OK. So, here I am in the Hotel Des Amis , which looks promising from the outside. Mr. Big is out in the car “saving” the primo-bitchin’ parking space that he has acquired. Once I stepped inside the foyer, I knew there may be some issues regarding this hotel. First, there was no one at the front desk, but that was not too weird, so I go searching for the desk clerk, or whomever. I haven’t even made into the room beyond the reception area when I am practically overrun by a dozen rugrats who are all about 7 years old. Well. This is unnerving because I am used to Swiss children who don’t make a peep, ever, even if being set on fire, and here were a dozen yelling, running, screaming Italian bambinis climbing in, on and over the reception desk, hanging from the draperies, you name it and they were attempting to scale it.

Apparently, the Hotel Des Amis was a family-run hotel and there was a birthday party of one of the children going on. Since the Mom and Dad of the Birthday Kid were busy corralling the ferrets, er, children, it was left to the Grandma and Grandpa to check us in, a service which they had not performed since the Second World War. BTW, if you are trying to Google this hotel, you will not find it on the internet. It does not exist in cyberspace. But, trust me, it is there. Anyway, via sign language and a little bit of Spanish (which is very close to Italian, thank God!), I tell Grandma that we need a room for one night. I point out to Grandpa Mr.
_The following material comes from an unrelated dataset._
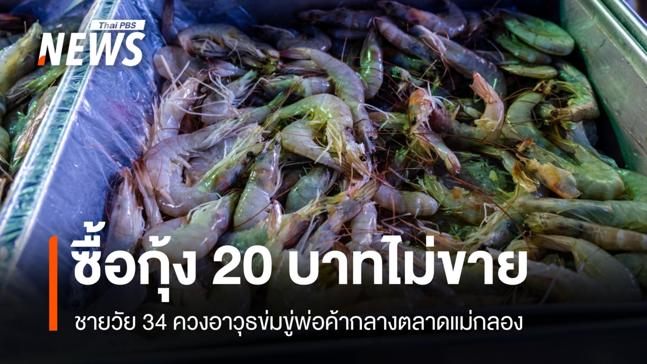 ตร.รวบชายวัย 34 ควงอาวุธข่มขู่พ่อค้ากลางตลาด หลังภรรยาซื้อกุ้ง 20 บาทไม่ขาย
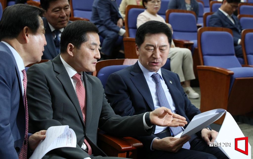 김기현 국민의힘 대표가 5일 국회에서 열린 긴급 의원총회에서 박대출 정책위의장과 대화하고 있다. 사진=김현민 기자 kimhyun81@

Big’s strategic location across the plaza. Gramps insists on doddering out across the plaza to help Mr. Big with the luggage.
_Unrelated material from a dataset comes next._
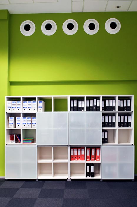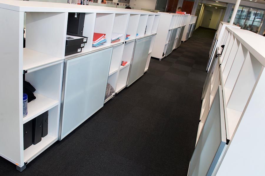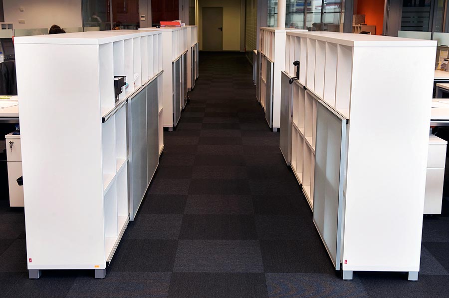 En la empresa Antzibar, la instalación realizada fue todo un éxito, los puestos de trabajo se formaron creando islas, aumentando la comunicación de cada uno de los usuarios, ademas en los pasillos se instalaron armarios para que el almacenaje estuviera en las zonas comunes y accesibles a cualquier compañero.

Meanwhile, Grandma is showing me up two flights of stairs to our room. WHOA! Lady, the 1940’s called and they want their room back! Y’all. There was a TV in this room from somebody’s garage sale. I took a picture of it. I haven’t seen one of these in forever. I asked about the internet and Grandma looked at me like I had 5 heads. Literally, I felt exactly like I was spending the night in my own Grandma’s house. If any of my Grandmas were still alive (which they aren’t), they would have felt right at home.

So, Mr. Big comes up the stairs with Grandpa and the luggage. I’m like, Mr. Big! Why are you letting Grandpa carry my bag up two flights of stairs? That nice little Italian man is going to need oxygen! Mr. Big gives me the look which means that I am really pushing my luck and his limits to their outer extremities. So, I shut up. I am not stupid.


Grandma pulls me aside, now that we are all one big happy family inside this bedroom!, into the bathroom. She tries to communicate to me in our Spanglish-Sign Language, that the plumbing is not so good. Don’t put anything in the toilet except those things which should normally go in a toilet. Got it, Granny. I will not try to flush Mr. Big’s head down there at any time during the ensuing evening. Finally, after Granny and Gramps depart, we, of course, crack up and fall back upon the bed in relief.

Ouch! Big mistake! The mattress, it would appear, had also not been replaced since 1946. It was so hard that we were getting bruised just laying on it. It was like reclining on a slab of concrete, except the concrete would have been just a hair more comfortable.